Thameside Honey said:


> Hello everyone! I am a new member here. [...] I started on a BS 14" x 12" brood box frame size WBC hive - and I still like it a lot. But I also love experimenting [...].


Hi Elena

A very warm welcome. It seems we're singing from exactly the same hymn-sheet. Several of my Long Hives have 14x12 frames - it's a very useful size - but I've now returned to the 300x300 format and have chosen a 225mm box depth for compatibility with the National deep box, using a 70mm shim underneath in order to get standard Gallup frames (11.25"x 11.25") drawn-out which are destined for some of the 'retro' boxes I've made.

After abandoning my initial flirtation with the Warre 'Alpine' system a few years back (when I couldn't then see any way of getting two very different frame sizes to co-exist), I lengthened the Warre boxes to accommodate the 17" BN top-bar - these I then called "National-Warres" (no imagination ... LOL)

They're still in use:










Yellow, Red, Green and Blue - colour-coded stacks - OCD or what ? The 'Green' stack is currently in the workshop, so I've placed a 6-frame nuc 'in position' ready for later occupation.

The neat thing about these boxes is that with rebates (rabbets in the US) cut into all 4 sides, they'll then house 8 British National frames lengthwise, or 10-ish Warre frames cross-wise, Well - it's one way ... 

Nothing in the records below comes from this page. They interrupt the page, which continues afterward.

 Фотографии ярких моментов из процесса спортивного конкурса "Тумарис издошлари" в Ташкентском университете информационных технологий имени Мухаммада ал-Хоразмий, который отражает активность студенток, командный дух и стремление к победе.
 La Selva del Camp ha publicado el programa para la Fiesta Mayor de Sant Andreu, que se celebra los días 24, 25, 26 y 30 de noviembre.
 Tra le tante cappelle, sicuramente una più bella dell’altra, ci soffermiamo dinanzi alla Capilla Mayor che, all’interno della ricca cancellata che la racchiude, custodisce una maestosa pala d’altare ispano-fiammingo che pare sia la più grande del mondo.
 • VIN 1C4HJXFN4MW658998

FWIW - should I ever decide to work with shallower boxes, then I'll select 112.5mm rather than 108mm - i.e. exactly half of 225mm.

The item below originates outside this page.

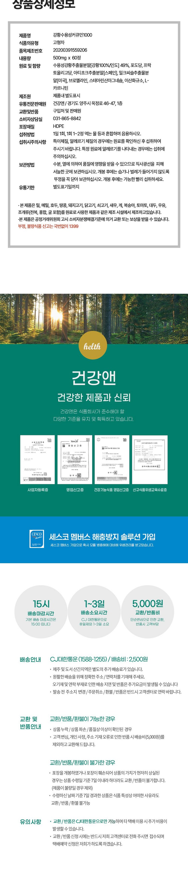 | 원재료명 및 함량 | 상품 상세페이지 참조 | 영양성분 | 상품 상세페이지 참조 |

FWIW(2) - these are the methods I've tried for National < > Warre co-existence.

As already mentioned above:











A Warre box* inside* a National box:




















And finally, the best so far - a pair of 'Partition Boards' constructed with suitable rebates (rabbets) to hold the shorter frames (or Top Bars).:










Empty space can always be filled-in with dummies of course if only a few frames are involved. For individual frames, I still cable-tie these beneath plain top-bars, and insert a 10mm shim beneath the box. Doing this knackers the bee-space clearance for all the other frames, but not so much it causes a major problem. Sometimes life just ain't perfect !! 
'best
LJ


----------



## Bovis (Feb 21, 2021)

Oh man, those partition boards are clever!


----------



## Honey Hive Farms (Nov 1, 2012)

Nice job. I am sure you already know this, if the bees can get into those void they will fill them up. 
Looking good to have a large harvest this year? 
Wish you well.


----------



## little_john (Aug 4, 2014)

Appreciate the concern - but I had hoped (assumed) that people would understand those pictures ... 

But just in case not - to clarify: *there are no voids*, either when finished, or when set-up correctly. In the case of the 300x300 box built inside the 460x460 National box, both the top and bottom 'voids' as shown in the first photo (which was only intended to show how it was built during construction) were then sealed over with 3mm plywood.

In the two photographs where there are just 5 frames in place - those were just *example frames*, intended only to show the principle (and those five were the only spare frames I had available at the time  ) I did say "Empty space can always be filled-in with dummies" - as I'm a great 'dummy-frame' enthusiast (having well over a hundred of them) - dunno why they're not more popular on t'other side of the pond ?

Trust the above will eliminate any confusion or misunderstanding ...
'best
LJ


----------